The alluvial sediments in the study area overlie bedrocks consisting of Yucheon group volcanic rocks (mainly, andesitic rocks and tuffs) and granitoids of the Cretaceous age [25,47]. Geologic logging showed that unconsolidated alluvial deposits (approximately 40−42 m thick) of the island comprise fine- to medium-grained sand, silty sand with clay intercalations, and sandy gravel, in descending order (Figure 1b). Silty sand with clayey intercalations occurs at intermediate depths between approximately 23−30 m below the land surface, and they represent an impermeable layer. This clayey silt layer is considered to represent deposition during the stage of sea level rise (around 5.4−8.0 ka) before the transition toward a prodelta terrestrial environment [26,48]. The transverse cross sections (A–A’ to E–E’) show that (1) the intermediate layer as an aquitard seems to extend continuously below the river bottom and (2) toward the downstream direction (i.e., the confluence with the Miryang River), the thickness of an impermeable silty layer at intermediate depth tends to increase, while the upper sandy layer tends to generally decrease in thickness (Figure 1b). Except for the area adjacent to the river, the top of the upper sandy layer is generally covered with silt-rich sediment of thickness variations by recent frequent flooding, which forms the surface soil for agricultural activities [47,48].
Groundwater for agricultural use on the island is pumped from the upper sandy layer (upper unconfined aquifer) and the deeper sandy gravel layer (lower confined aquifer); among these aquifers, the lower aquifer is more productive [47]. Hydrogeologic pumping tests conducted in the study island showed that the lower sandy gravel aquifer (thickness = 9 to 19 m) has hydraulic conductivity values (K) ranging from 2.6 × 10−4 to 2.9 × 10−4 m/s [47], which agrees with the values (about 3 × 10−4 m/s) reported at an RBF site that is about 12 km upstream of the study area [24].
Figure 2 shows the distribution of potentiometric head levels (m asl) measured in the upper and lower aquifers during the period of this study. The potentiometric head levels are clearly different in the island between the upper sandy aquifer and the lower aquifer (Figure 2). In the upper sandy aquifer, the pattern of groundwater levels tends to correspond to topographic features; higher groundwater levels occur at central and eastern parts of the island, although pumping of groundwater for irrigation locally results in the drawdown of groundwater levels. It is also noteworthy that lower groundwater tables are observed at the southwestern part of the island (Figure 2), which may indicate the presence of the lateral flow of river water (i.e., hyporheic flow). Thus, the upper aquifer represents an unconfined condition, with groundwater recharge from the infiltration of rain and irrigation water. On the other hand, potentiometric head levels measured in the lower aquifer overall tends to direct from northeast toward the river, and tend to be slightly higher than those for the upper aquifer (Figure 2). We consider that groundwater in the lower aquifer represents a regional groundwater flow discharging to the river under a confined condition. Therefore, it is obvious that the two aquifers in the study area have different hydrologic conditions.

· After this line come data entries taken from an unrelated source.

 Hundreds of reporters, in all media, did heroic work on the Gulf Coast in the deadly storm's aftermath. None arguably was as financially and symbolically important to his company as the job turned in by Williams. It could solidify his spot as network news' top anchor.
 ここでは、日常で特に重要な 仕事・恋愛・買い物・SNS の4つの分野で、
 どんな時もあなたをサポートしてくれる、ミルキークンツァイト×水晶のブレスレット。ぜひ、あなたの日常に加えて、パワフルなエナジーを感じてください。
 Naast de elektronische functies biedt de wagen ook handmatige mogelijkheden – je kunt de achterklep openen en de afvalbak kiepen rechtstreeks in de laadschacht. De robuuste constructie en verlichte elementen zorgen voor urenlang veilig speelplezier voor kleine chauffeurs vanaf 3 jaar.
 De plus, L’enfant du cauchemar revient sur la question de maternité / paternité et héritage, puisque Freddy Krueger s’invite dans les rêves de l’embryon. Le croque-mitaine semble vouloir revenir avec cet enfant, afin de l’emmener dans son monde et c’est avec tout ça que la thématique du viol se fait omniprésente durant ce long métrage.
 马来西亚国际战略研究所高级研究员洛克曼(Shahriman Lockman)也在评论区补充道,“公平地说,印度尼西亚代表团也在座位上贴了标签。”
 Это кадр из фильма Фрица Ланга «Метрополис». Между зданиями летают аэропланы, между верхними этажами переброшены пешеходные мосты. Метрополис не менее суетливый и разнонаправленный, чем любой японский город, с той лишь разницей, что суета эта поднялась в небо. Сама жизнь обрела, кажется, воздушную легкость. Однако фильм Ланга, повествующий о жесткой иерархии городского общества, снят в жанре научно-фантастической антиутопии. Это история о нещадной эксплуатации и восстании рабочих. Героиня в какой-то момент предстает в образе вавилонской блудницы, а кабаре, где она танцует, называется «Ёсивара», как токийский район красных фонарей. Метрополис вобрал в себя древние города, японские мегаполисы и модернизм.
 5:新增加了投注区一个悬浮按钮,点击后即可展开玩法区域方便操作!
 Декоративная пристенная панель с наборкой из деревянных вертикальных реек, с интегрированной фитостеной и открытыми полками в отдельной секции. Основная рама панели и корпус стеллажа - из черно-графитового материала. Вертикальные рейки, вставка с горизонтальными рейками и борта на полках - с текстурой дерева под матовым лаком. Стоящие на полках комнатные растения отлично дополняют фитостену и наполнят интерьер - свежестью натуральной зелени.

4.2. General Hydrochemistry

Hydrochemical data of four kinds of water samples (n = 66) are summarized in Table 1. The amount of total dissolved solid (TDS) in the water samples ranges widely from 87.4 to 901 mg/L. The dissolved oxygen (DO) is generally higher in river water and pond water, than groundwater.
The plots on a Piper diagram (Figure 3) show that the water samples are highly variable in hydrochemical characteristics, widely ranging from the Ca−Cl(−NO3) type to the Na−HCO3 type. The chemical composition of river water is similar to that of the upper aquifer groundwater; river water and the upper aquifer groundwater are dominantly of the Ca−Na−HCO3−Cl type. The lower aquifer groundwater is also variable in chemical features, ranging from the Na−HCO3 type to the Ca−Mg−HCO3−Cl type. Groundwater samples could not be collected from the intermediate silty-clayey layer.
However, careful examination of data shows that there is a noticeable difference in anionic composition between the upper aquifer groundwater and the lower aquifer groundwater: the lower aquifer groundwater tends to be relatively enriched in HCO3, but it also tends to be more depleted in SO42− and NO3. In cationic composition, the lower aquifer groundwater also tends to be relatively higher in Mg than the upper aquifer groundwater. The tendency of the enrichments of NO3 and SO42− in many samples of the upper aquifer groundwater are attributed to the infiltration of contaminants from agricultural activities [49,50,51,52,53].
To compare the hydrochemical characteristics of pond water, river water, upper aquifer groundwater, and lower aquifer groundwater in the study area, we examined the data with box plots (Figure 4). The statistical differences in hydrochemical parameters between water groups were also tested by the Mann–Whitney U test. The main findings are as follows Figure 4: (1) most of the parameters examined are not statistically different (p-Values > 0.05) between the upper aquifer groundwater and the surface water, except DO, K, and F, and (2) the lower aquifer groundwater is statistically higher in pH, EC, TDS, K+, Mg2+, and F but is lower in SO42− and NO3 (see also Table 2).The higher pH and TDS values, together with higher concentrations of K+, Mg2+, and F in the lower aquifer groundwater, indicate the influence of regional groundwater flow (i.e., base flow) whose chemistry is largely controlled by water–rock interactions. On the other hand, the enrichments of SO42− and NO3 in the upper aquifer groundwater reflect the influence of anthropogenic contamination.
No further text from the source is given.